Inzwischen ist es die Ausnahme, daß bei dieser ersten Operation auch gleich das Kreuzband ersetzt wird. Bei einer frischen Verletzung steigt die Bereitschaft des Kniegelenkes, mit einer übermäßigen Narbenbildung zu reagieren. Die Beweglichkeit des Kniegelenkes wäre eingeschränkt und Rehabilitation unnötig verlängert.
Außerdem möchte man dem Knie die Chance geben, ohne aufwändige Kreuzbandoperation zurechzukommen. Patienten die eine kräftige Muskulatur mit guter Reflexsituation haben, können unter Umständen die Instabilität kompensieren. Ist man körperlich nur wenig aktiv, so kann es auch sein, daß man sein Kreuzband nicht vermißt.
Wenn schwerwiegende Gründe eine schnellstmögliche Stabilität erfordern (z.B. Profi-Sportler mit Millionenverträgen), kann primär ein Kunststoffimplantat (sog. alloplastische Materialien) eingesetzt werden. Dies ist sofort stabil.
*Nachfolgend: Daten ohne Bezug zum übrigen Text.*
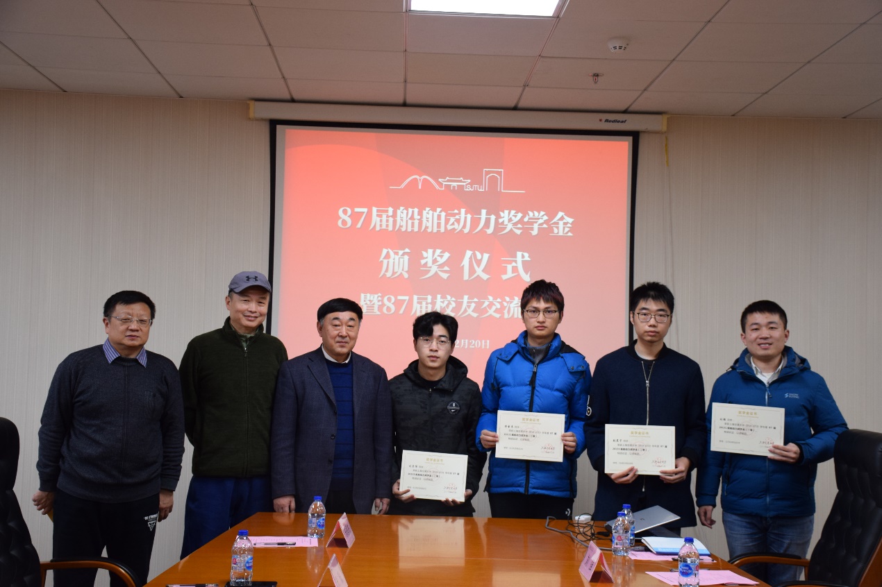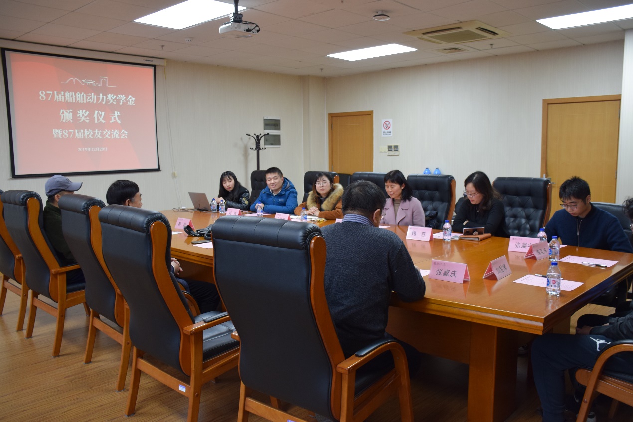 12月20日下午,禁漫 87届20131船舶动力奖学金颁奖仪式在木兰船建大楼A1008会议室举行。87届校友牟广文学长,郝毅学长,张翠熙学姐,乐国杰学长,张嘉庆学长,禁漫 党委副书记宋续明,船舶与海洋工程系副系主任陈俐,校友工作联系人魏燕,学生事务负责人史舒婧,船建学工办辅导员邹碧铖,2019年度船舶动力奖学金4位获奖学生出席仪式。

Aufgrund von Materialermüdungserscheinungen kommt es jedoch nach einigen Monaten bis Jahren zu einer Schädigung des Implantates, die eine erneute Operation notwendig macht.
Die eigentliche Kreuzbandersatzplastik sollte durchgeführt werden, wenn sich das Knie beruhigt hat (frühestens nach 3-4 Wochen).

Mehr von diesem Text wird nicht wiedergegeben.